To globally enable Telemetry Reporter for CFK and all Confluent Platform components:

  1. Set the followings in the CFK values file.

    telemetry:
      operator:
         enabled: true  --- [1]
      enabled: true     --- [2]
    
    • [1] Enable Telemetry Report for CFK.
    • [2] Enable Telemetry Report for all Confluent Platform components.
  2. Apply the change with the following command:

    helm upgrade --install confluent-operator \
      confluentinc/confluent-for-kubernetes \
      --values <path-to-values-file> \
      --namespace <namespace>
    

To globally configure the Telemetry Reporter settings for all Confluent Platform components:

  1. Set the following in the CFK values file:

    telemetry:
      secretRef:                 --- [1]
      directoryPathInContainer:  --- [2]
    
    • [1] [2] CFK supports the secretRef and directoryPathInContainer methods to load Telemetry configuration through Helm. Specify only one method.

      The Telemetry configuration should be specified in telemetry.txt, and the file must contain api.key and api.secret.

      If using a proxy, additional properties are required as shown below.

      api.key=<cloud_key>
      api.secret=<cloud_secret>
      proxy.url=<proxy_url>           # Only required if proxy is enabled
      proxy.username=<proxy_username> # Only required if proxy requires credential
      proxy.password=<proxy_password> # Only required if proxy requires credential
      
    • [1] secretRef takes the precedence over directoryPathInContainer if both are configured.

      The expected key is telemetry.txt.

      If the referenced secretRef is not read or data is not in the expected format, CFK will fail to start.

    • [2] Provide the directory path where telemetry.txt is present.

      If telemetry.txt is not in the expected format, CFK will fail to start.

    See Provide secrets for Confluent Platform application CR for providing the keys/values and required annotations when using Vault.

  2. To apply changes in Telemetry settings, in the referenced Secret, or in the telemetry.txt file, manually restart CFK and Confluent Platform:

Disable Telemetry for a Confluent Platform component

To disable Telemetry for a specific Confluent Platform component, set the following in the component CR and apply the change with the kubectl apply command:

telemetry:
  global: false

JMX Metrics

CFK deploys all Confluent components with JMX metrics enabled by default. These JMX metrics are made available on all pods at the following endpoints:

  • JMX metrics are available on port 7203 of each pod.

  • Jolokia (a REST interface for JMX metrics) is available on port 7777 of each pod.

  • JMX Prometheus exporter is available on port 7778.

    Authentication / encryption is not supported for Prometheus exporter in CFK.

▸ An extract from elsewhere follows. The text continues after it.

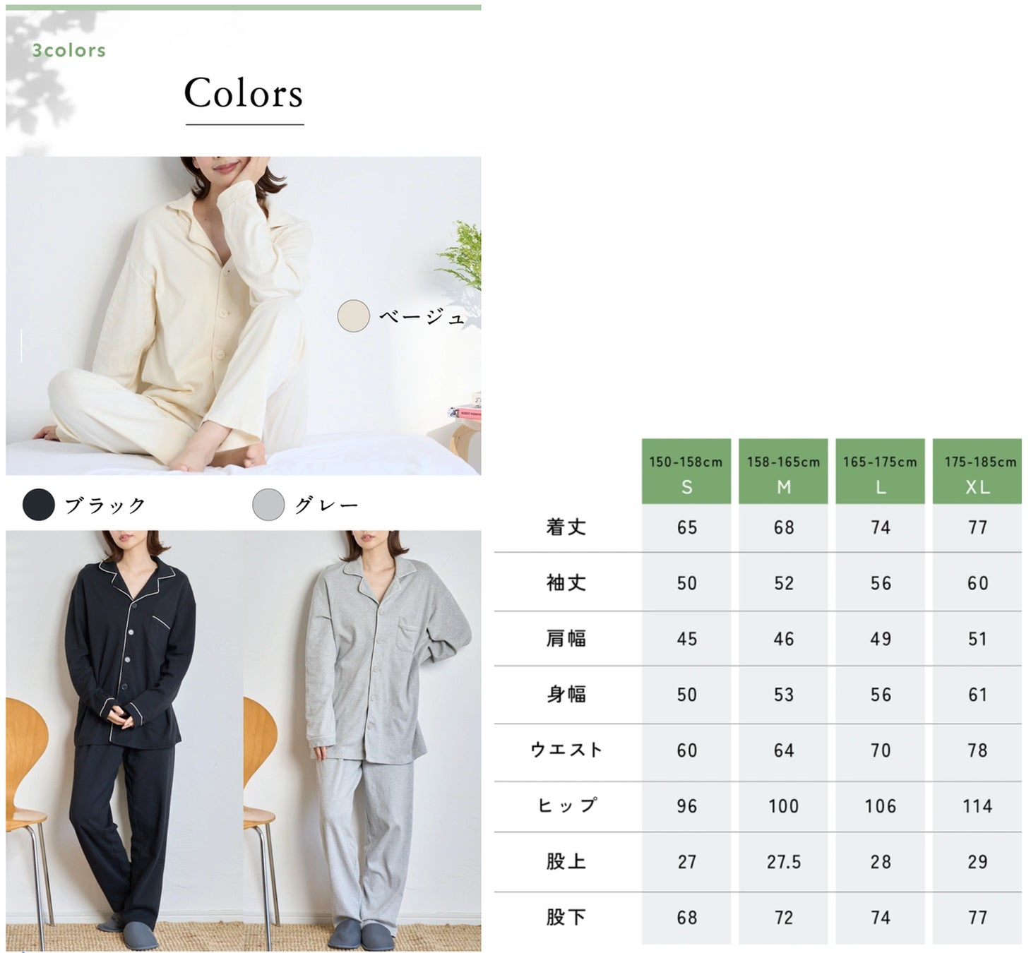 今回取り扱うアルガンソフト・パジャマは、アルガンオイルを配合した生地で作られた、肌にやさしい睡眠をサポートするパジャマです。開きすぎない襟元や締め付けの少ないウエストデザイン、そしてゆったりとしたシルエットが特徴。3色4サイズ展開で、男女共にご使用いただける一着をお楽しみください。

Configure security on JMX metrics endpoints

By default, authentication and encryption are not enabled on JMX/Prometheus metric endpoints, but you have options to configure authentication and TLS for JMX/Prometheus metric endpoints in the component CR:

spec:
  metrics:
    authentication:
      type:                    --- [1]
    prometheus:                --- [2]
      rules:                   --- [3]
        - attrNameSnakeCase:
          cache:
          help:
          labels:
          name:
          pattern:
          type:
          value:
          valueFactor:
      blacklist:               --- [4]
      whitelist:               --- [5]
    tls:
      enabled:                 --- [6]
  • [1] Set to mtls for mTLS authentication.

    If you set this to mtls, you must set tls.enabled: true ([6]).

    Note that CFK does not currently support mTLS authentication for Prometheus even with this set to mtls.

  • [2] Specify Prometheus configurations to override the default settings.

    See Prometheus for more information about the rules, blacklist, and whitelist properties.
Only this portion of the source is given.